Overriding those changes, though, is a thinning of pragmatic, centrist veterans in both parties. Among those leaving are some of the Senate's most pragmatic lawmakers, nearly half the House's centrist Blue Dog Democrats and several moderate House Republicans.
That could leave the parties more polarized even as President Barack Obama and congressional leaders talk up the cooperation needed to tackle complex, vexing problems such as curbing deficits, revamping tax laws and culling savings from Medicare and other costly, popular programs.
"This movement away from the center, at a time when issues have to be resolved from the middle, makes it much more difficult to find solutions to major problems," said William Hoagland, senior vice president of the Bipartisan Policy Center, a private group advocating compromise.
In the Senate, moderate Scott Brown, R-Mass., lost to Democrat Elizabeth Warren, who will be one of the most liberal members. Another GOP moderate, Richard Lugar of Indiana, fell in the primary election.

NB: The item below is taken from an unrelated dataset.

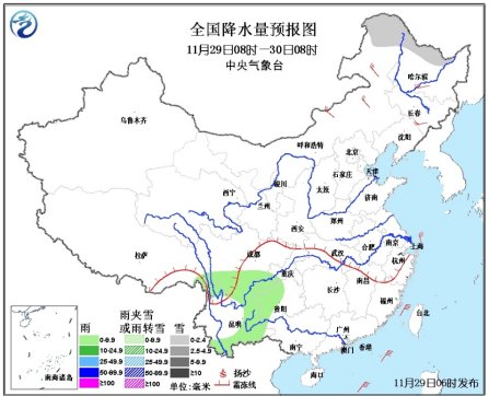 11月30日08時(shí)至12月1日08時(shí),新疆北部有小雪到中雪,四川南部、貴州西部、云南東部和南部等地有小雨或陣雨。內(nèi)蒙古中東部和東北地區(qū)等地的部分地區(qū)有4~5級(jí)風(fēng)。

Two others, Kay Bailey Hutchison of Texas and Olympia Snowe of Maine, are retiring.
http://hosted.ap.org/dynamic/stories/U/US_EVOLVING_CONGRESS?SITE=AP&SECTION=HOME&TEMPLATE=DEFAULT&CTIME=2012-11-25-07-50-52
So-called bipartisan groups tend to lean mainstream Republican. Anything that is not mainstream Republican is some kind of extreme to them.
The only liberal in Congress is Bernie Sanders and he is not a Democrat, but votes like one. The rest are all some variation of DLC, which means they are about 92% moderate Republican.